EXERCISE REQUIREMENTS: The expected response is the full set of records, unchanged.

[Dataset excerpts]
____
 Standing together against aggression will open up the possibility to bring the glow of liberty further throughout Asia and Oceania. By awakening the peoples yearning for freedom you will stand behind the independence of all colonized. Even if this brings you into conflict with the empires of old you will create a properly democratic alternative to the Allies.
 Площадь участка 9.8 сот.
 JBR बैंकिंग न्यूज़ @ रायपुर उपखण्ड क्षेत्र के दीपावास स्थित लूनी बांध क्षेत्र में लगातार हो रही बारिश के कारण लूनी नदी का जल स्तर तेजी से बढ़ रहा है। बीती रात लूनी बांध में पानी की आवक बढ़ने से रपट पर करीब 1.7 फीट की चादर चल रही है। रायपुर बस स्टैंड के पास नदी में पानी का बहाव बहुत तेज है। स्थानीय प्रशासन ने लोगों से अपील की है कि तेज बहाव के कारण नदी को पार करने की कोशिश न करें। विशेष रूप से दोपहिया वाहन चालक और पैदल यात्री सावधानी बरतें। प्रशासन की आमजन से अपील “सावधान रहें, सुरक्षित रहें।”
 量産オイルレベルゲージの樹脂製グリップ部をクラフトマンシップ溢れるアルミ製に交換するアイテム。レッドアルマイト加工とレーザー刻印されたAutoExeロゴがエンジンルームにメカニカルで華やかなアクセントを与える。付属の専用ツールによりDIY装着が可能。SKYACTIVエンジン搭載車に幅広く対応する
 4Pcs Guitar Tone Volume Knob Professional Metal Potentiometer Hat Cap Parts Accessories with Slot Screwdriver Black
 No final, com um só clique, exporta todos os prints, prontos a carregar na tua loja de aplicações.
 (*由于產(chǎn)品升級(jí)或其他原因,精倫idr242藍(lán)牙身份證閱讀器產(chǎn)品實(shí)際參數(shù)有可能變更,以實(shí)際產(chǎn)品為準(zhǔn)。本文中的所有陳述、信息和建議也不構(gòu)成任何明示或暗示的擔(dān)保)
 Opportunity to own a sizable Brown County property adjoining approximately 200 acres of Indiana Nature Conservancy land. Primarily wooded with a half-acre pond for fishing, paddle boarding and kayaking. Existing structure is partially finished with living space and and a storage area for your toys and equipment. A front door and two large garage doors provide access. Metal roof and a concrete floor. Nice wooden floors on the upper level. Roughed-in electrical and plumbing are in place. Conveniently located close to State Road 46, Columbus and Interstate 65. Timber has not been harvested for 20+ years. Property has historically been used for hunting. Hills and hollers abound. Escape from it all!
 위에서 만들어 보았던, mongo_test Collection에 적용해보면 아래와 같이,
____
YOUR RESPONSE:
 Standing together against aggression will open up the possibility to bring the glow of liberty further throughout Asia and Oceania. By awakening the peoples yearning for freedom you will stand behind the independence of all colonized. Even if this brings you into conflict with the empires of old you will create a properly democratic alternative to the Allies.
 Площадь участка 9.8 сот.
 JBR बैंकिंग न्यूज़ @ रायपुर उपखण्ड क्षेत्र के दीपावास स्थित लूनी बांध क्षेत्र में लगातार हो रही बारिश के कारण लूनी नदी का जल स्तर तेजी से बढ़ रहा है। बीती रात लूनी बांध में पानी की आवक बढ़ने से रपट पर करीब 1.7 फीट की चादर चल रही है। रायपुर बस स्टैंड के पास नदी में पानी का बहाव बहुत तेज है। स्थानीय प्रशासन ने लोगों से अपील की है कि तेज बहाव के कारण नदी को पार करने की कोशिश न करें। विशेष रूप से दोपहिया वाहन चालक और पैदल यात्री सावधानी बरतें। प्रशासन की आमजन से अपील “सावधान रहें, सुरक्षित रहें।”
 量産オイルレベルゲージの樹脂製グリップ部をクラフトマンシップ溢れるアルミ製に交換するアイテム。レッドアルマイト加工とレーザー刻印されたAutoExeロゴがエンジンルームにメカニカルで華やかなアクセントを与える。付属の専用ツールによりDIY装着が可能。SKYACTIVエンジン搭載車に幅広く対応する
 4Pcs Guitar Tone Volume Knob Professional Metal Potentiometer Hat Cap Parts Accessories with Slot Screwdriver Black
 No final, com um só clique, exporta todos os prints, prontos a carregar na tua loja de aplicações.
 (*由于產(chǎn)品升級(jí)或其他原因,精倫idr242藍(lán)牙身份證閱讀器產(chǎn)品實(shí)際參數(shù)有可能變更,以實(shí)際產(chǎn)品為準(zhǔn)。本文中的所有陳述、信息和建議也不構(gòu)成任何明示或暗示的擔(dān)保)
 Opportunity to own a sizable Brown County property adjoining approximately 200 acres of Indiana Nature Conservancy land. Primarily wooded with a half-acre pond for fishing, paddle boarding and kayaking. Existing structure is partially finished with living space and and a storage area for your toys and equipment. A front door and two large garage doors provide access. Metal roof and a concrete floor. Nice wooden floors on the upper level. Roughed-in electrical and plumbing are in place. Conveniently located close to State Road 46, Columbus and Interstate 65. Timber has not been harvested for 20+ years. Property has historically been used for hunting. Hills and hollers abound. Escape from it all!
 위에서 만들어 보았던, mongo_test Collection에 적용해보면 아래와 같이,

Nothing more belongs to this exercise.